Fault-tolerant resource estimation using graph-state compilation on a modular superconducting architecture
- URL: http://arxiv.org/abs/2406.06015v1
- Date: Mon, 10 Jun 2024 04:30:48 GMT
- Title: Fault-tolerant resource estimation using graph-state compilation on a modular superconducting architecture
- Authors: S. N. Saadatmand, Tyler L. Wilson, Mark Field, Madhav Krishnan Vijayan, Thinh P. Le, Jannis Ruh, Arshpreet Singh Maan, Ioana Moflic, Athena Caesura, Alexandru Paler, Mark J. Hodson, Simon J. Devitt, Josh Y. Mutus,
- Abstract summary: Development of fault-tolerant quantum computers (FTQCs) is gaining increased attention within the quantum computing community.
We present a resource estimation framework and software tool that estimates the physical resources required to execute specific quantum algorithms.
This tool can predict the size, power consumption, and execution time of these algorithms at as they approach utility-scale.

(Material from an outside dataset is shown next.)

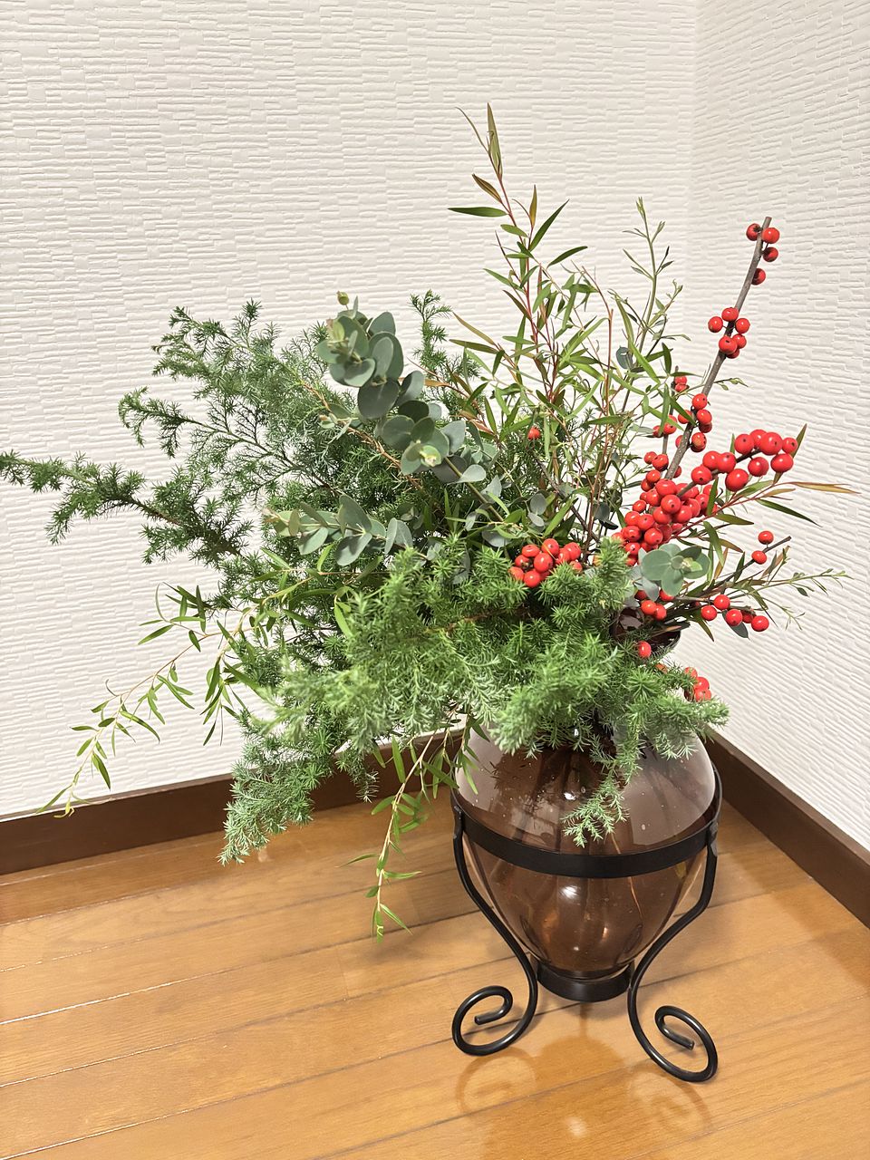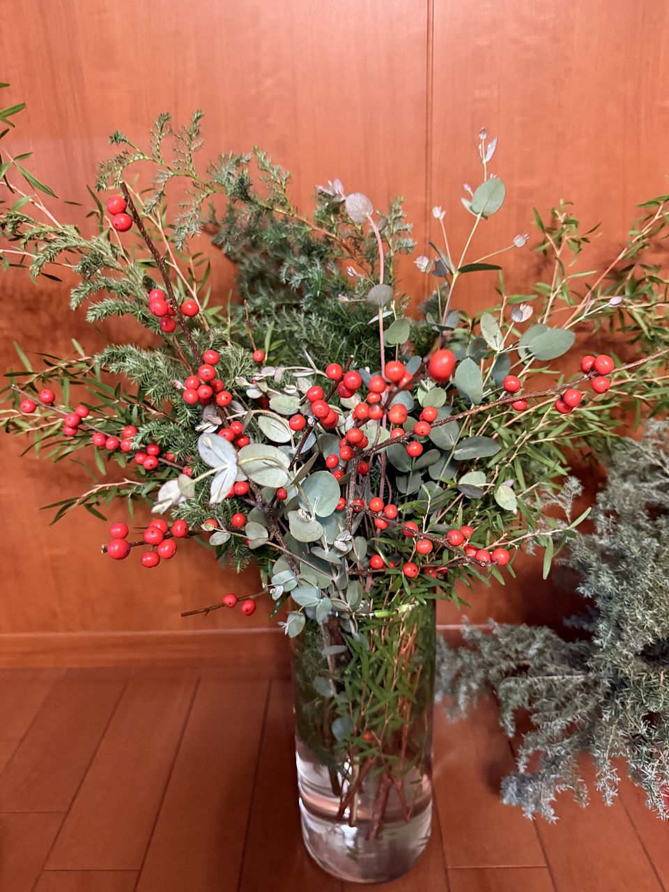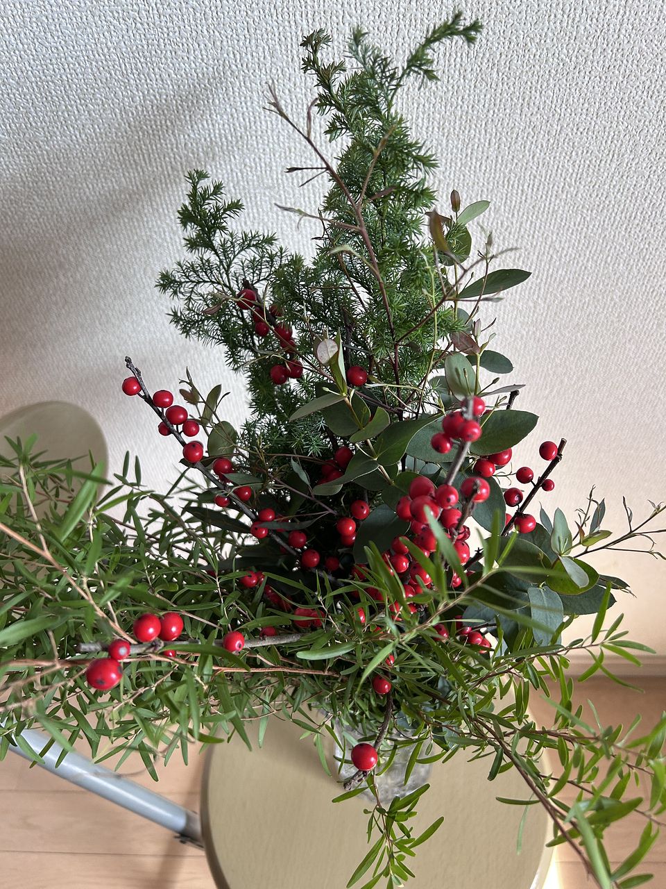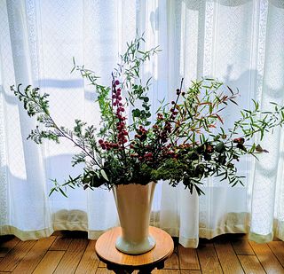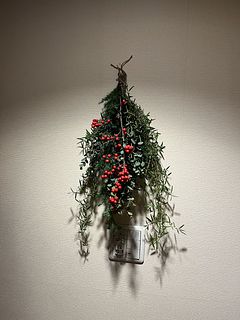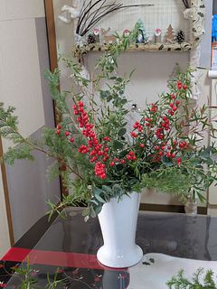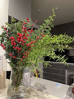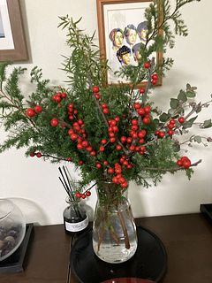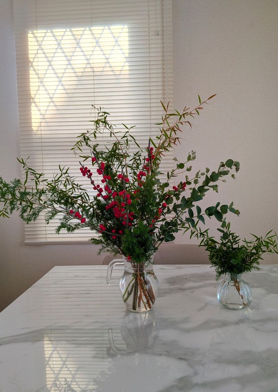 ボリュームあったので、花瓶二つに生けて、小さ目のスワッグも作りました。クリスマス終わったので少し花材を足して、早速お正月仕様に変更しました。2度楽しめるので満足感あります。来年も買いたいなぁ。

- Score: 30.01663013636363
- License: http://creativecommons.org/licenses/by/4.0/
- Abstract: The development of fault-tolerant quantum computers (FTQCs) is gaining increased attention within the quantum computing community. Like their digital counterparts, FTQCs, equipped with error correction and large qubit numbers, promise to solve some of humanity's grand challenges. Estimates of the resource requirements for future FTQC systems are essential to making design choices and prioritizing R&D efforts to develop critical technologies. Here, we present a resource estimation framework and software tool that estimates the physical resources required to execute specific quantum algorithms, compiled into their graph-state form, and laid out onto a modular superconducting hardware architecture. This tool can predict the size, power consumption, and execution time of these algorithms at as they approach utility-scale according to explicit assumptions about the system's physical layout, thermal load, and modular connectivity. We use this tool to study the total resources on a proposed modular architecture and the impact of tradeoffs between and inter-module connectivity, latency and resource requirements.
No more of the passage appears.